Plus the council is arguing that they don't have the authority to dig up the landfill either - they are bound by the rules issued in their environmental permit for the landfill. Another issue I don't see mentioned here - there are hundreds or thousands of damaged hard drives in this landfill. Within each of these harddrives is a multitude of irrelevant data. So you're looking for a specific part of a specific needle in a haystack containing many needles.

Comment How complex Landfills actually are (Score 1) 167

Relevant YT Video "The Hidden Engineering of Landfills" by Practical Engineering:

https://www.youtube.com/watch?v=HRx_dZawN44

"Of course, we have a lot of room for improvement in how we think about and manage solid waste in this world. Landfills seem like an environmental blight, but really, properly designed ones play a huge role in making sure waste products don’t end up in our soil or air or water."

Comment Re: 600 miles?! (Score 0) 126

You are making a couple of bad assumptions

- Charging load is evenly spaced in time (no, peaks are likely. You see them all the time in traffic patterns)
- Convenient charging won't increase load on average (no, it will - more roads means more cars. More convenient EVs means more people drive them).

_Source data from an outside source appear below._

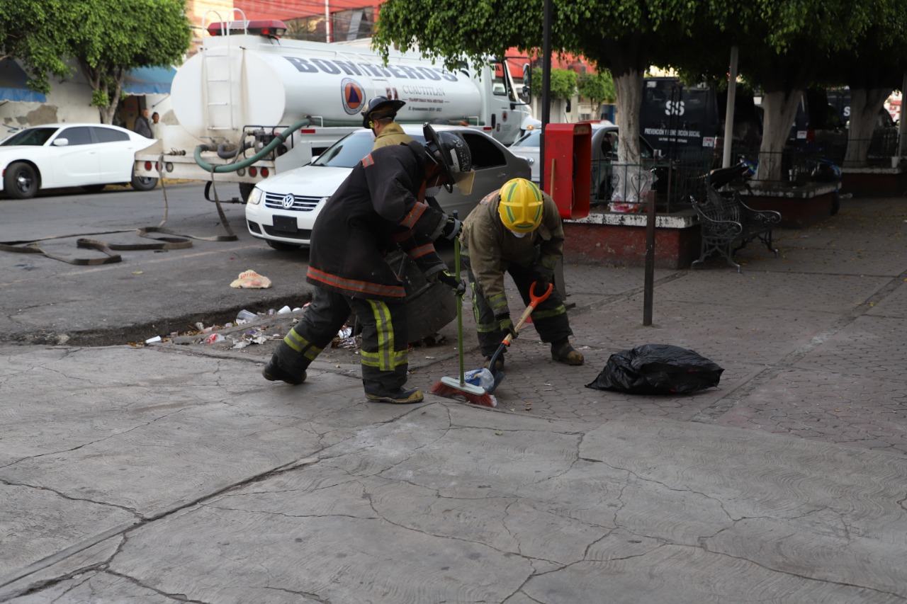 Por instrucciones del alcalde Ariel Juárez Rodríguez, personal de la Coordinación de Protección y civil y bomberos, realizaron limpieza profunda en la zona en donde usualmente se congregan los familiares de las personas privadas de su libertad.
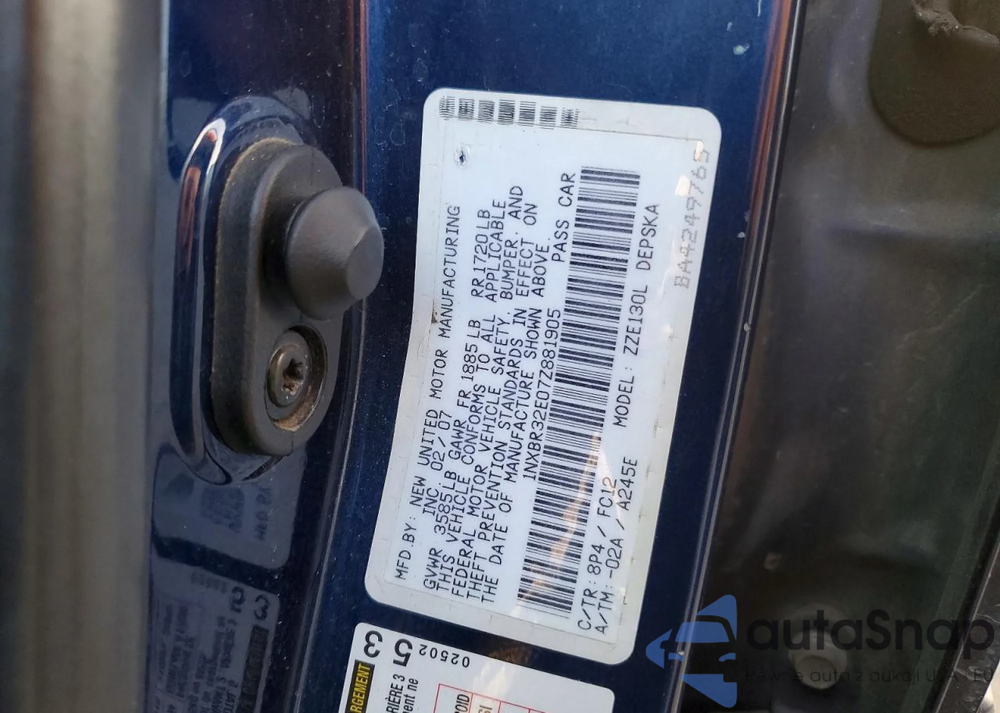 Samochód Toyota Corolla 2007 (VIN 1NXBR32E07Z881905) sprzedaje go niezweryfikowany sprzedawca. Zalecamy raport Carfax i potwierdzenie możliwości rejestracji pojazdu przed zakupem.
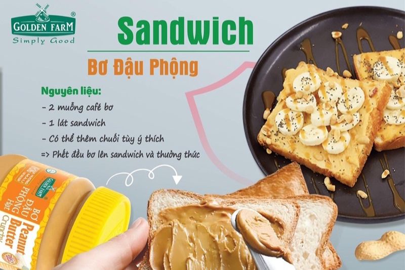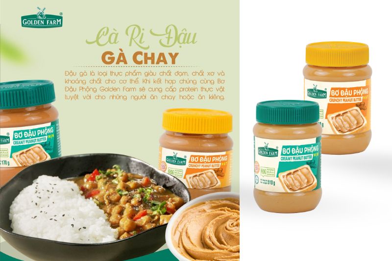 Bơ Đậu Phộng Golden Farm được làm từ hạt đậu phộng hảo hạng và các loại gia vị tự nhiên, là “siêu thực phẩm” dinh dưỡng, cung cấp nguồn năng lượng dồi dào và các dưỡng chất thiết yếu cho cơ thể.
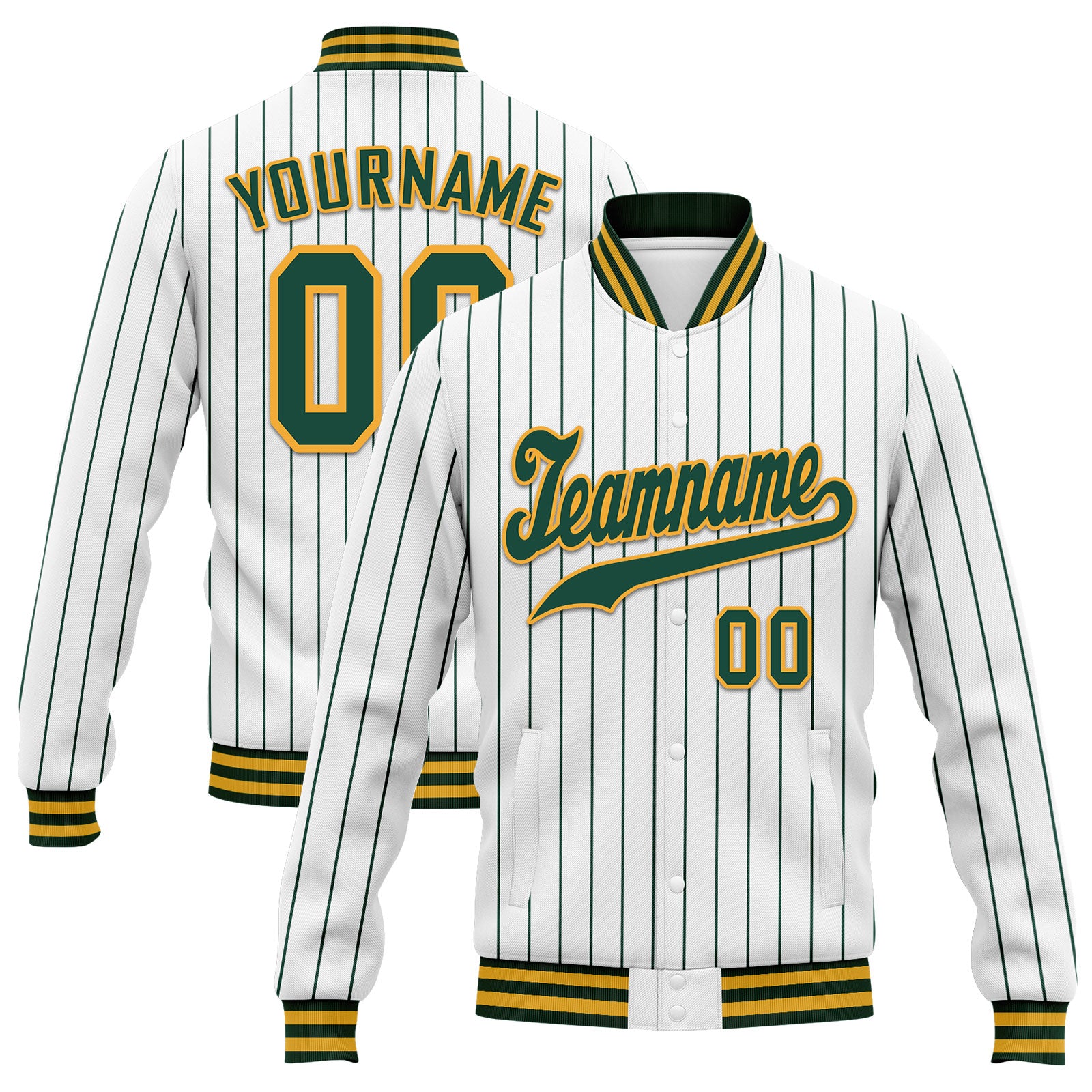 Custom White Forest Green Stripe Fashion Jacket Bomber Full-Snap Varsity Letterman Personalized Jacket FZ005-D020219-5

You've also neglected the key issue with power generation and transmission. It's not actually about average most of the time, it's about peaks. It's about instantaneous demand RIGHT NOW and about switching generation on and off as those peaks change. The shorter the EV charge cycles, the more "bursty" the power grid needs to be. Fast charging (20 minutes) is already very bursty, so making it more so creates transmission challenges to the chargers and potentially wider grid challenges.

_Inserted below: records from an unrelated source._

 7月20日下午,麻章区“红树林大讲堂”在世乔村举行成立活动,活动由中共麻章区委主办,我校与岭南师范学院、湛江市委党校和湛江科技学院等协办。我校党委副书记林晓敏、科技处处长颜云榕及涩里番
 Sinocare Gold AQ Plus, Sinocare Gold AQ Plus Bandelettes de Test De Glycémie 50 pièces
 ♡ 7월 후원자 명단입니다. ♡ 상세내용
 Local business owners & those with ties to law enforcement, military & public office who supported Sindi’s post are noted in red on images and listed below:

That said, I love EVs and am excited about the potentials here. Most likely we'll just need to start adding more storage to our chargers in the form of similar batteries or super capacitors or similar. We can engineer around these challenges. But they ARE real challenges.

Comment Re: Key words (Score 3, Informative) 155

Any device that will keep working after it's parent company fails and their servers go down is "safe." At least you'll always have the functionality you had when you bought the thing, though you may struggle to get parts for repair.

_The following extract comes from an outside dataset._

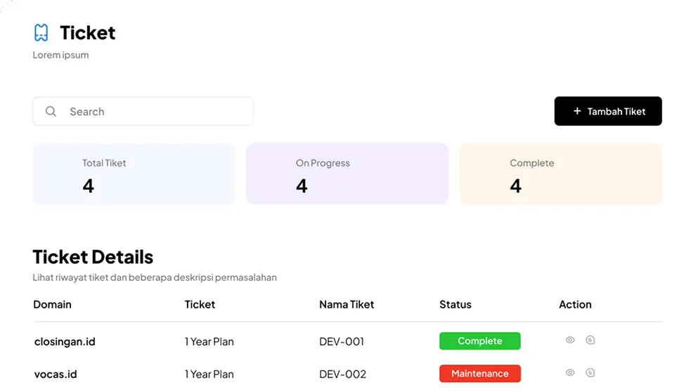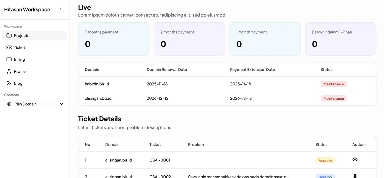 Kelola konten, pantau progres, cek status live, sampai kirim tiket support semua di satu tempat.
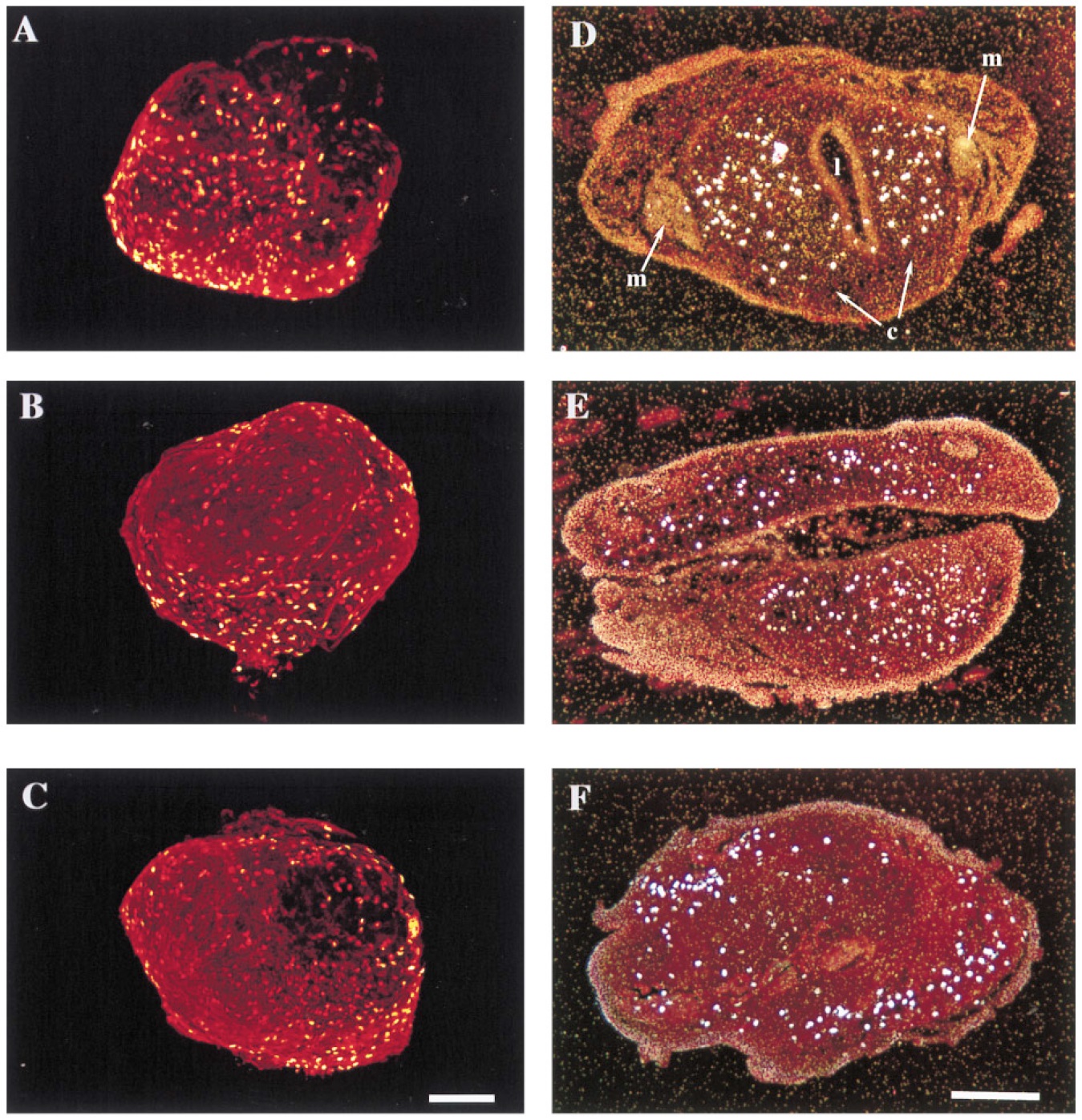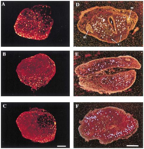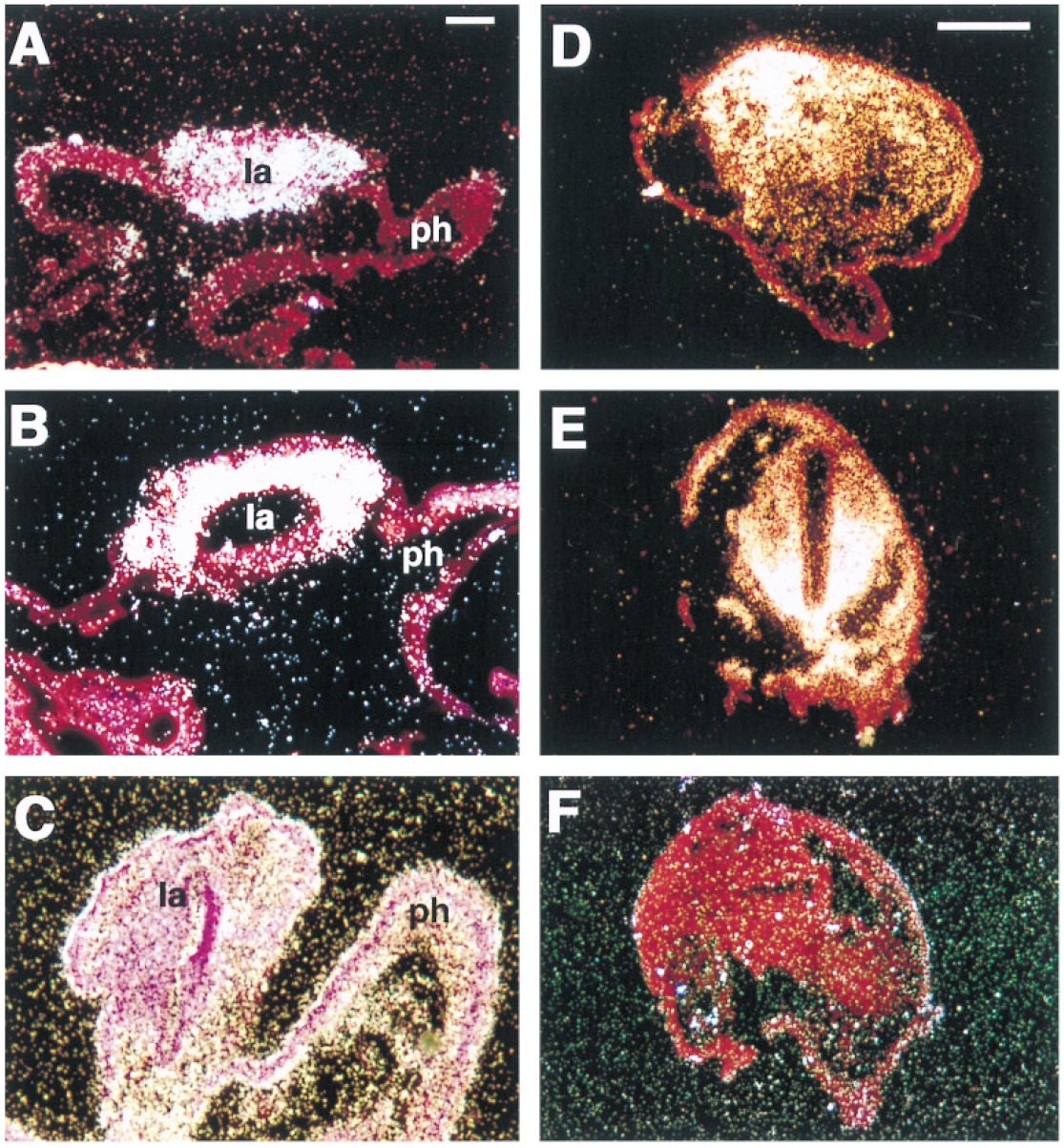 FIG. 7. Hormone receptor gene expression in tadpole (AâC) and explant (Dâ F) larynges. Sections were hybridized in situ to S35 riboprobes

However devices which rely on the parent company providing servers - these are far more dangerous.

It's OK to be an early adopter of smart home tech that has a very long service life without repair and talks using open-source protocols, integrating to a standard smart-home system. However if you expect the company to look after you for years, they better be a stable company with a good track record of doing that.

Comment Re:This is so stupid (Score 1) 187

Such a system shouldn't reveal where you are logging on to the Government. The design should mean that the user can verify without exposing themselves.

For instance

1. User signs up and proves their identity.
2. They want to sign on to an adult site, or prove their identity for some other purpose.
3. They ask the ID site to sign a token that proves they are over 18 (or 16+ or 13+ depending). The token does not contain name or identifying information, perhaps it only lasts a few minutes. This is probably done by a browser extension.
4. They provide this token to the PornHub server or similar
5. That server has a server-side API that checks the signature of the token really was published on the government site, without sending another request to the govt.

Step 3 doesn't need to tell the government why you want the token. Step 5 doesn't need to reveal your identity, just that you meant the legal restrictions.